Не заметил, как вышел к знакомому круглому озеру. Оказывается, ушел далеко. Вот и старый широкий пень, обросший мхом и древесными грибами. Я приходил сюда прошлым летом. Здесь под деревьями, под сенью сомкнутых верхушек, всегда было сумрачно-сизо. От разомлевшего, горячего, влажного, как в предбаннике, воздуха, по телу разливалась истома. Цветочно-хвойный аромат пьянил. Над сплошными зарослями малины и ежевики стоял тонкий звон пчел, шмелей... Замшелые валуны, кучи валежника. В траве ярко синела медуница, дребезжал, запутавшись жесткими крылышками, какой-то жук. Тинькали синицы, перекликались нежноголосые пеночки, резвые полосатые бурундуки мелькали среди ветвей...

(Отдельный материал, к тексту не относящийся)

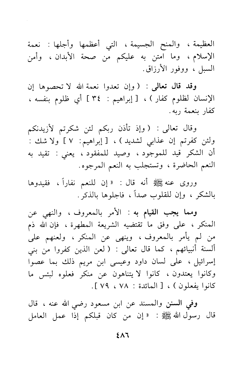 ومما يجب القيام به: الأمر بالمعروف، والنهي عن المنكر، على وفق ما تقتضيه الشريعة المطهرة، فإن الله ذم من لم يأمر بالمعروف، وينهى عن المنكر، ولعنهم على ألسنة أنبيائهم، كما قال تعالى: {لُعِنَ الَّذِينَ كَفَرُوا مِنْ بَنِي إِسْرائيلَ عَلَى لِسَانِ دَاوُدَ وَعِيسَى ابْنِ مَرْيَمَ ذَلِكَ بِمَا عَصَوْا وَكَانُوا يَعْتَدُونَ كَانُوا لا يَتَنَاهَوْنَ عَنْ مُنْكَرٍ فَعَلُوهُ لَبِئْسَ مَا كَانُوا يَفْعَلُونَ} [سورة المائدة آية: 78-79] .
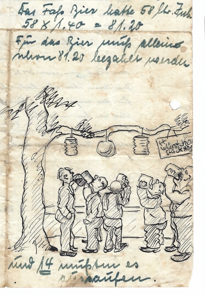 Eine Zeichnung aus einem handschriftlichen Laufzettel anlässlich der Abrechnung nach der Holzpartie, an der nur 1/3 der Sangesbrüder des MGV teilgenommen hatten
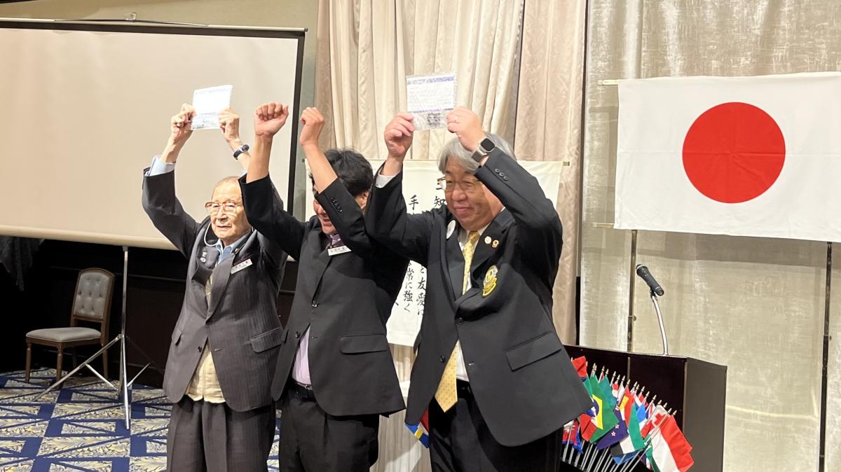 席上、長年の奉仕と貢献に敬意を表し、L内田千尋、L廣瀬直樹の両氏へ累進メルビン・ジョーンズ・フェローアワードピンを贈呈。また、新たに島田泰孝様、田所総様、國松繫樹様の入会式を厳粛に執り行い、クラブの絆と活動の裾野がさらに広がる節目の例会となりました。
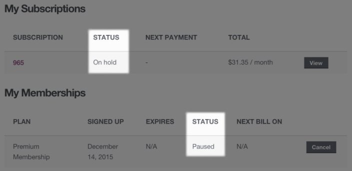 When this action is processed, the subscription status is changed to “on hold” until the subscription is re-activated. Since the subscription is suspended, the membership status will also change to “paused” automatically. Customers cannot access restricted content while a membership is paused.
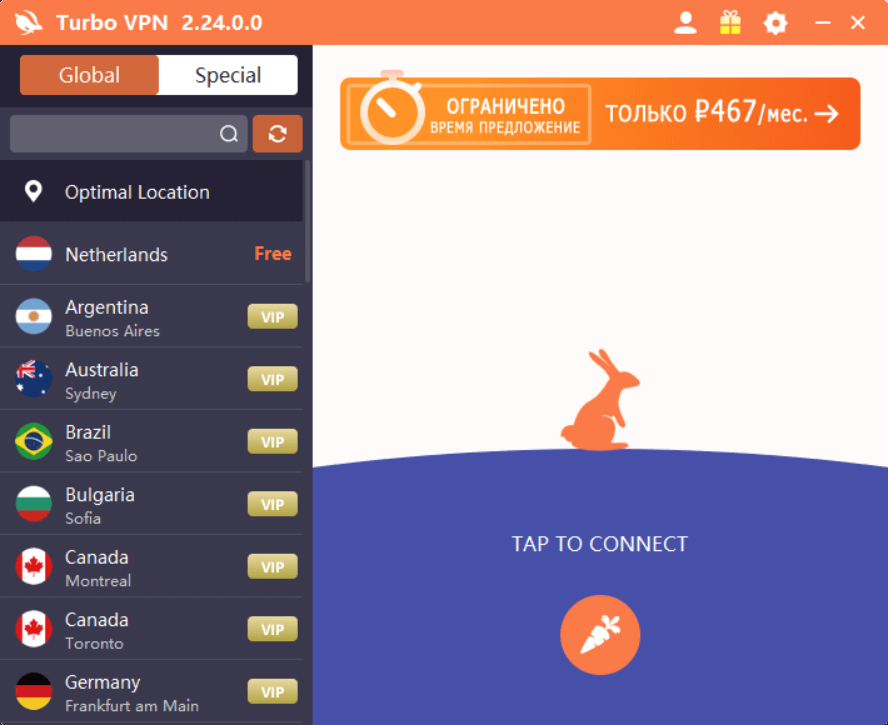 Нажмите на кнопку с морковкой для запуска ВПН. Вы можете дополнительно выбрать нужный вам сервер из бокового меню. Для отключения ВПН, повторно нажмите на кнопку с морковкой. Обратите внимание, что для доступа к платным серверам вам необходимо войти в свой аккаунт.

Сейчас в лесной глуши стояла печальная вечерняя тишина. Жизнь по-зимнему была приглушена. Сваленный бурей кедр задрал с корнями пласт земли, возвышался горой. В густых сумерках озеро, еще покрытое льдом с оттаявшими темными краями, походило на большое око, обезображенное бельмом. В фиолетово-сизой выси неба мерцала звезда -- трепетно, испуганно, словно боялась упасть с головокружительной высоты. Два огня -- зеленый, красный --проплыли в проеме черных вершин лиственниц, отдаленный рокот нарушил тишину тайги. Самолет держал курс на запад, в нем были люди, и возможно, они летели в Москву...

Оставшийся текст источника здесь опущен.